Zapomniałam Wam opowiedzieć jeszcze jedną historyjkę związaną z naszym wyjazdem. Otóż pomyślałam sobie, że może uda się zbliżyć do Hiszpanów, lepiej ich poznać. W związku z tym poprosiłam moją siostrzenicę, która studiowała w Granadzie i świetnie zna hiszpański o przetłumaczenie tekstu, w którym przedstawiam całą ideę. Były tam peany na cześć przyjaznych Hiszpanów i prośba o odpowiedzenie na kilka pytań (jak masz na imię, czym się zajmujesz, co ci się najbardziej podoba w twoim kraju, czy czujesz się bardziej Katalończykiem, czy Hiszpanem itp.) Było też pytanie, czy mogę nagrać tę wypowiedź, żeby zmontować krótki filmik.

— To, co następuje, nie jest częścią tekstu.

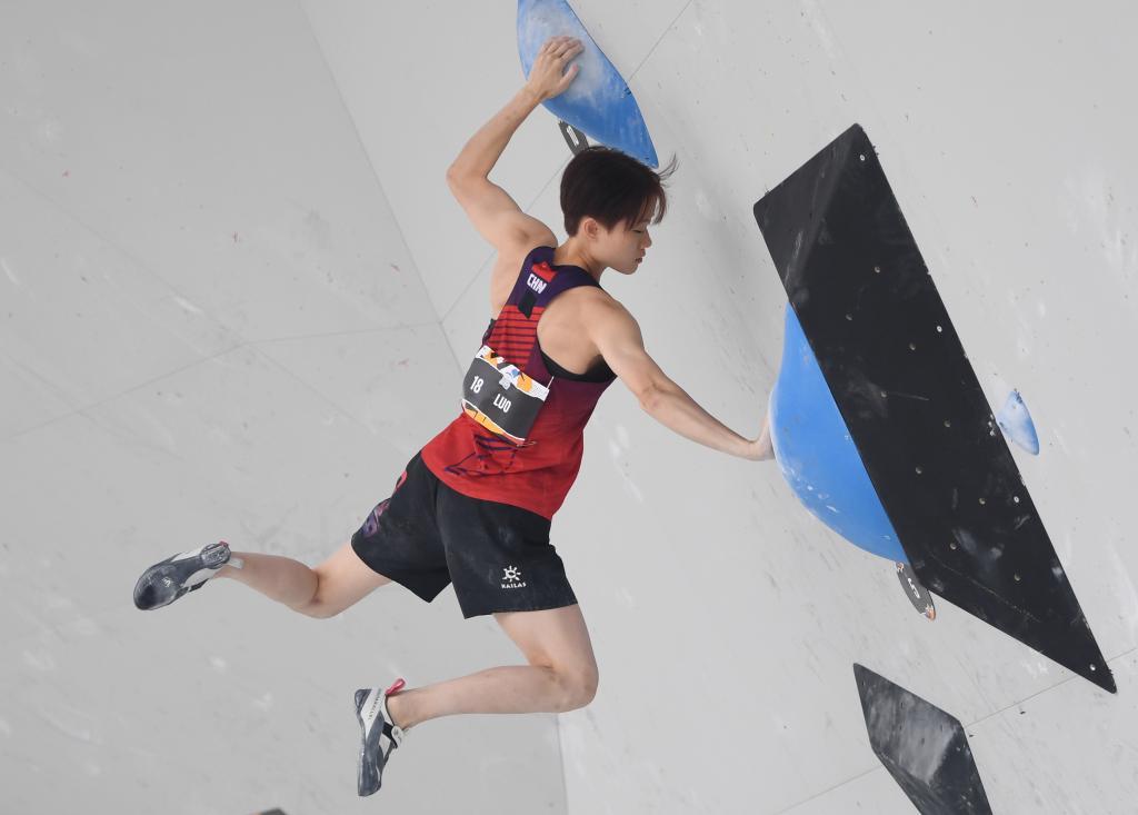 6月23日,中国选手骆知鹭在巴黎奥运会资格系列赛布达佩斯站攀岩女子两项全能决赛中。新华社记者 贺灿铃 摄

Od razu napisze, że nic z tego nie wyszło. Chyba moja pierwsza, niedoszła rozmówczyni rzuciła urok

A było to tak: pierwszy poranek w Hiszpanii, stanęliśmy na piaszczystej drodze koło lokalnej szosy, bo B. chciał sprawdzić olej i inne płyny (ustrojowe też

) Maska otwarta, on leży pod autem, ja na siedzeniu pasażera studiuję przewodnik. Nagle w drzwiach kierowcy staje pani w wieku nieokreślonym, uśmiecha się prawie bezzębnym uśmiechem i płynną angielszczyzną pyta, czy wszystko w porządku, czy nie trzeba nam jakiejś pomocy. Dziękuję i odpowiadam, że wszystko ok. Pani odchodzi, a ja patrzę skąd ona się tu w ogóle wzięła na tym zadupiu. Zerkam przez szparę od podniesionej maski, a pani się rozkłada przy plastikowym foteliku, który mijaliśmy przy zjeździe z szosy. Rozkłada parasol, by słońce nie prażyło. Czekam, aż wyjmie jakieś pomidory, czy inne pomarańcze, którymi zamierza handlować i wyszukuję ze schowka moją karteczkę z pytaniami. Jestem lekko podekscytowana, bo to będzie moja pierwsza rozmówczyni. Zerkam znowu, a pani w tym czasie zdążyła zmienić koszulkę i krótkie spodenki na kusą sukienkę. Żadnych pomidorów dalej nie widzę. Już mam wysiadać z auta, gdy widzę przystający koło pani samochód. Krótka rozmowa, pani wsiadła i pojechali piaszczysta drogą gdzieś
Hmm, dobrze, że jednak nie udało mi się jej zapytać, czym się zajmuje.
Przez następne dni ilekroć chciałam z kimś pogadać to okazywało się, że to turyści.